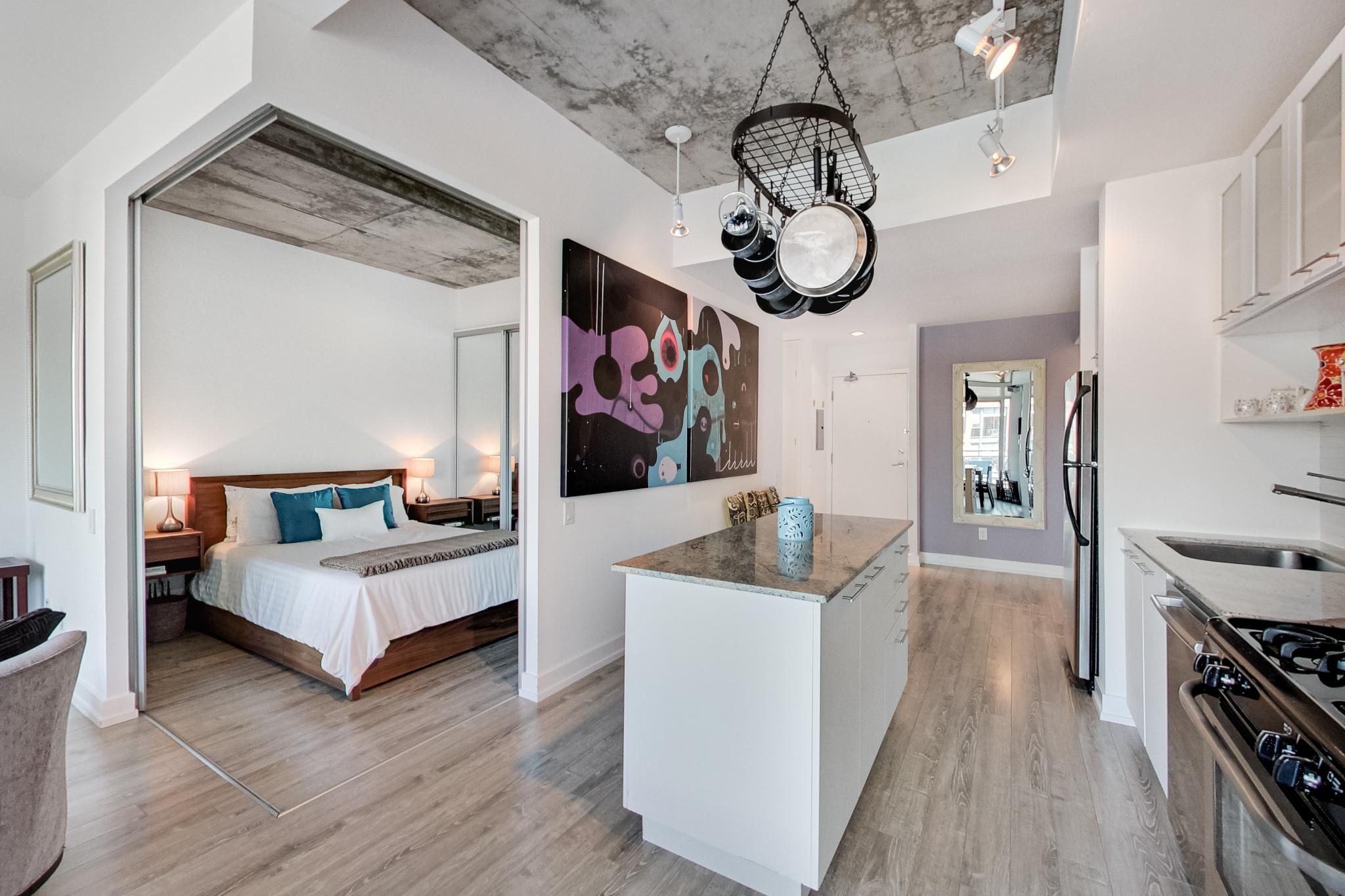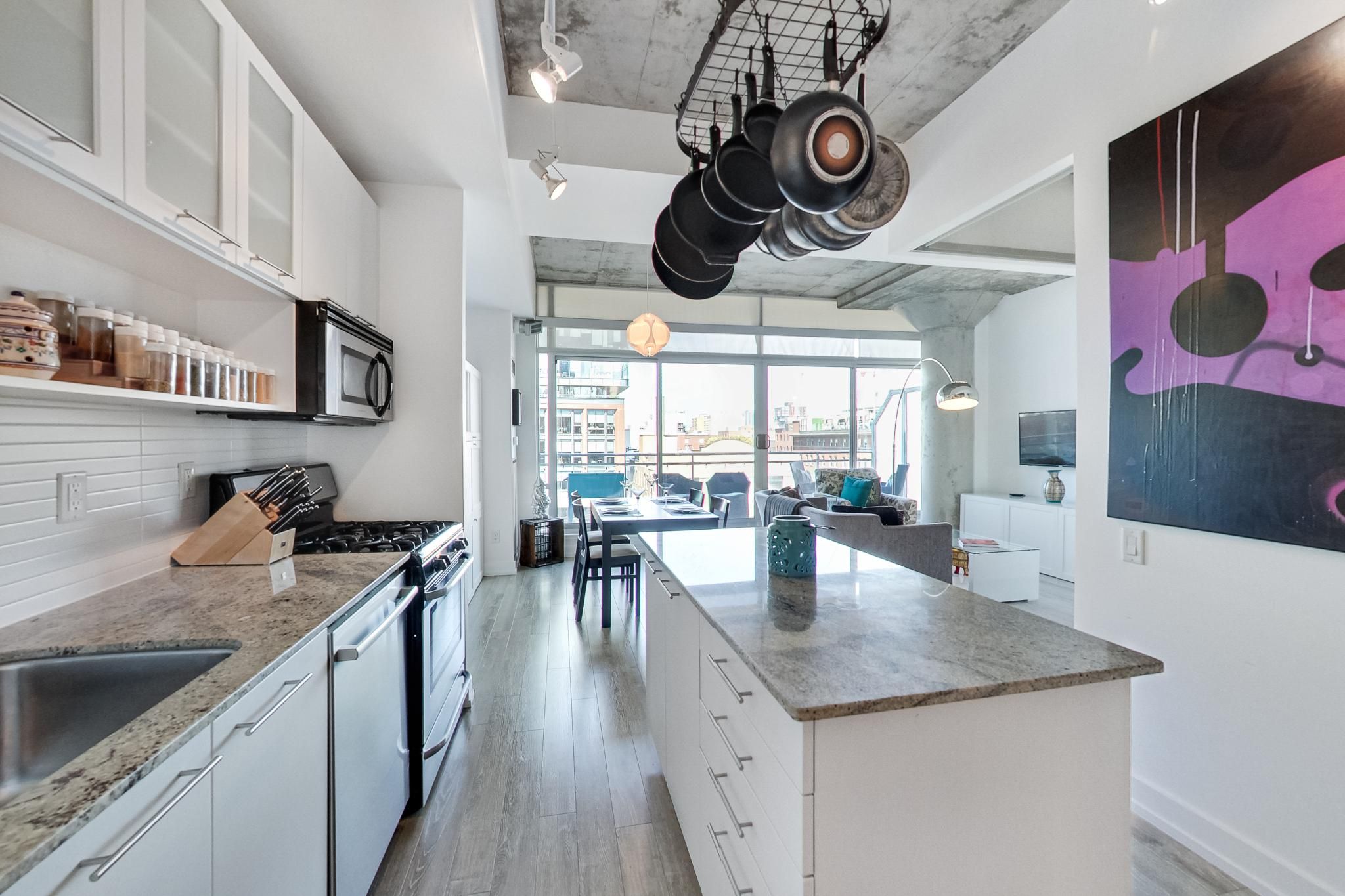Live in one of the best boutique soft lofts among all the action of king west! This bright and spacious urban loft has a very efficient, open concept 1 bedroom + den layout with a generous entertainment space. Includes 1 underground parking spot & 1 locker. 10' exposed concrete ceiling. Modern white kitchen with an island and gas cooking! Brand new flooring throughout. Huge wall-to-wall custom closet with mirrored doors. Upgraded 4pc bathroom. The den is outfitted with a built-in murphy bed to host your overnight guests after a night out on the town. Wall-to-wall floor-to-ceiling windows & double sliding doors that opens up the indoors to a spacious terrace-style balcony with a natural gas b. B. Q. Hook-up. Enjoy the view overlooking king west, while having dinner and drinks outside or soaking up the afternoon summertime sun.
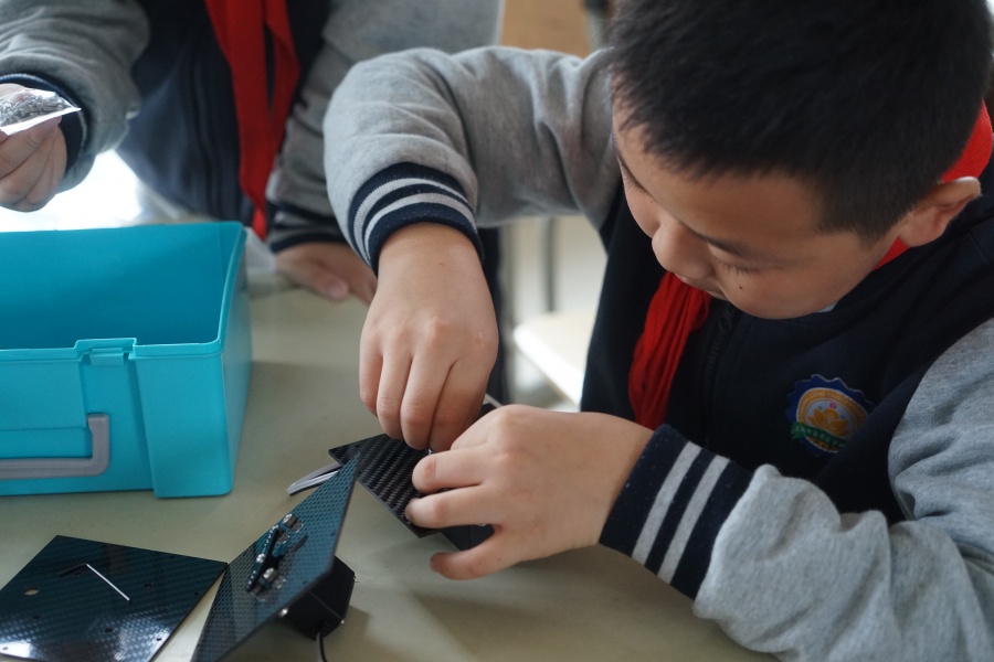 学生在制作与气象相关的小实验机器
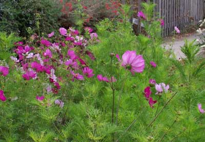 The soil of this long, curbside strip is a dense adobe clay, a product of decayed volcanic rock (primarily tuff). In the late summer, it dries into many small cracks, which undoubtedly catch the tiny Cosmos seeds as they blow along the ground. Where the Cosmos now flourishes, is the only stretch of soil (8' out of about 120' of curbside soil) which we have never cultivated, planted, or amended with any planting mixtures or fertilizers.

--------------------------------------------------

» **Your assignment**
Please retype the whole listing above word for word and drop the pictures.

» **Your response**
Live in one of the best boutique soft lofts among all the action of king west! This bright and spacious urban loft has a very efficient, open concept 1 bedroom + den layout with a generous entertainment space. Includes 1 underground parking spot & 1 locker. 10' exposed concrete ceiling. Modern white kitchen with an island and gas cooking! Brand new flooring throughout. Huge wall-to-wall custom closet with mirrored doors. Upgraded 4pc bathroom. The den is outfitted with a built-in murphy bed to host your overnight guests after a night out on the town. Wall-to-wall floor-to-ceiling windows & double sliding doors that opens up the indoors to a spacious terrace-style balcony with a natural gas b. B. Q. Hook-up. Enjoy the view overlooking king west, while having dinner and drinks outside or soaking up the afternoon summertime sun.
 学生在制作与气象相关的小实验机器
 The soil of this long, curbside strip is a dense adobe clay, a product of decayed volcanic rock (primarily tuff). In the late summer, it dries into many small cracks, which undoubtedly catch the tiny Cosmos seeds as they blow along the ground. Where the Cosmos now flourishes, is the only stretch of soil (8' out of about 120' of curbside soil) which we have never cultivated, planted, or amended with any planting mixtures or fertilizers.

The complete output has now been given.